We can express this as a proportion by dividing this by 50, the total number of measurements. For this table the expected proportion of agreement is:

28·6 ÷ 50 = 0·572

Our question is now "how much better was the observed proportion of agreement than the expected proportion of agreement?"
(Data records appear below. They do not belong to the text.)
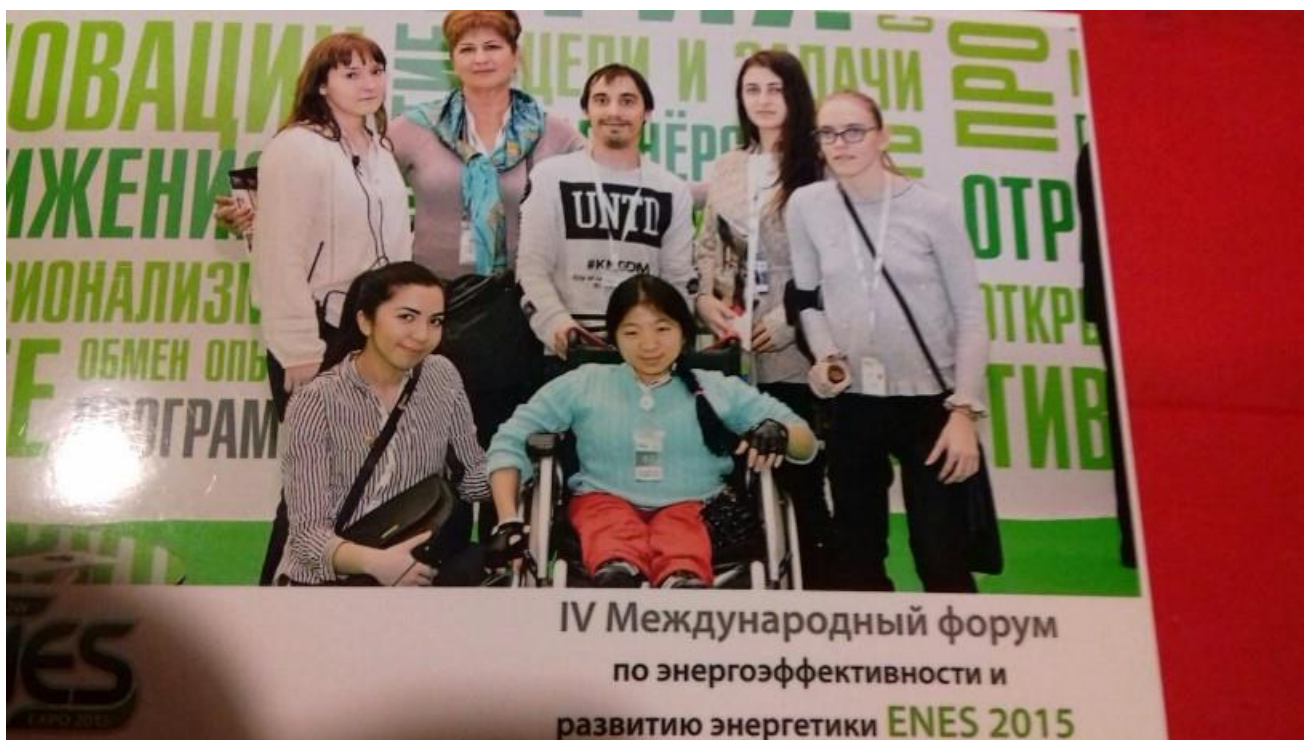
Среди участников Форума «Moscow ENES expo 2015 Энергоэффективность и развитие энергетики»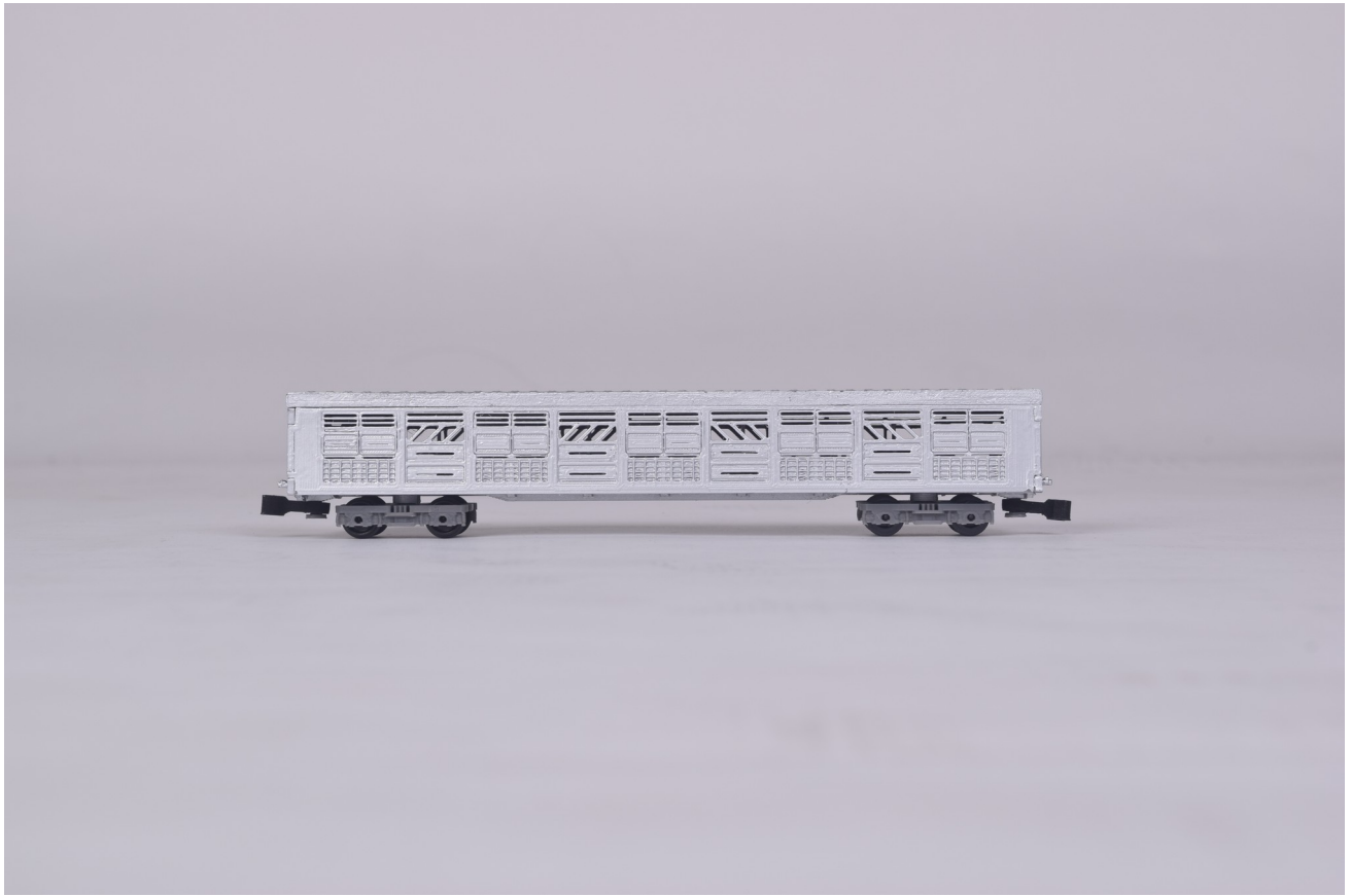
Gambar 4 - Tampak Samping Kanan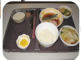
美味しく頂きました!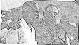
မင်းဗိုလားနှင့် ကက်စ်ထရီ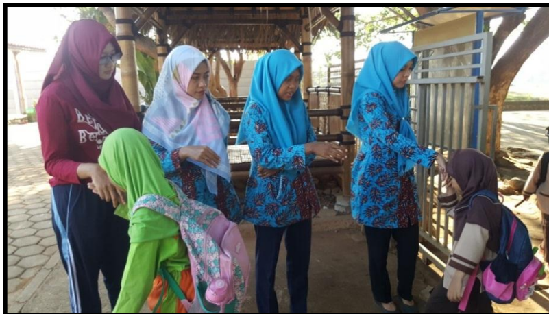
Menyambut siswa dengan bersalaman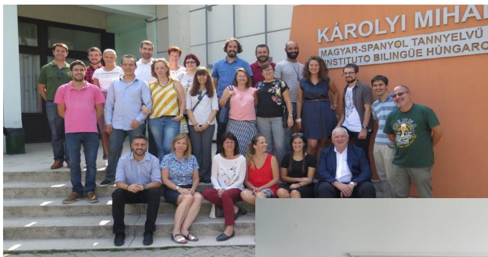
Foto de profesores y coordinadores de español en la Sección Bilingüe de Budapest.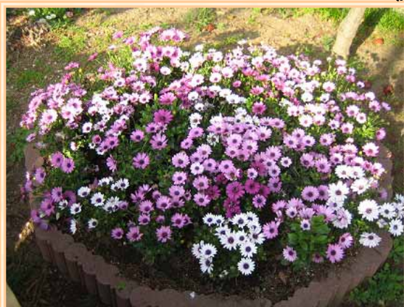
錦町公園の「オステオスペルマム」

The observed proportion of agreement was: 43 ÷ 50 = 0·860

The maximum possible proportion of agreement is 1·00.

We express the observers' agreement as a proportion of the possible scope for doing better than chance, this is kappa:

In this case:

κ = (0·860 - 0·572) ÷ (1 - 0·572) = 0·67

In general κ > 0·6 is regarded as good agreement. The table below is a guide to assessing how strong an agreement is, based on κ.

Value of κ | Strength of agreement |
---|---|

<0·21 | Poor |

0·21 - 0·40 | Fair |

0·41 - 0·60 | Moderate |

0·61 - 0·80 | Good |

0·81 - 1·00 | Very good |

Confidence intervals can be calculated for κ although this step is frequently missed out. The procedure is given in Altman (p. 405).

#### What if there are more than two categories for the variable?

κ can also be calculated for larger (square) contingency tables.

#### Weighted κ

If the categories are ordered a weighted version of kappa can be calculated in these circumstances to take into account the level of disagreement.

Observer 2 | |||||

1 | 2 | 3 | Total | ||

Observer 1 | 1 | 85 | 9 | 6 | 100 |

2 | 12 | 60 | 28 | 100 | |

3 | 3 | 31 | 66 | 100 | |

Total | 100 | 100 | 100 | 300 |

In the above table the cells containing '3' and '6' would be accorded more importance (weight) when calculating κ than those containing '12', '31', '9', and '28' because they represent a greater level of disagreement (2 categories difference rather than 1). The procedure for calculating weighted κ is give in Altman (p. 407), but you don't need to learn it.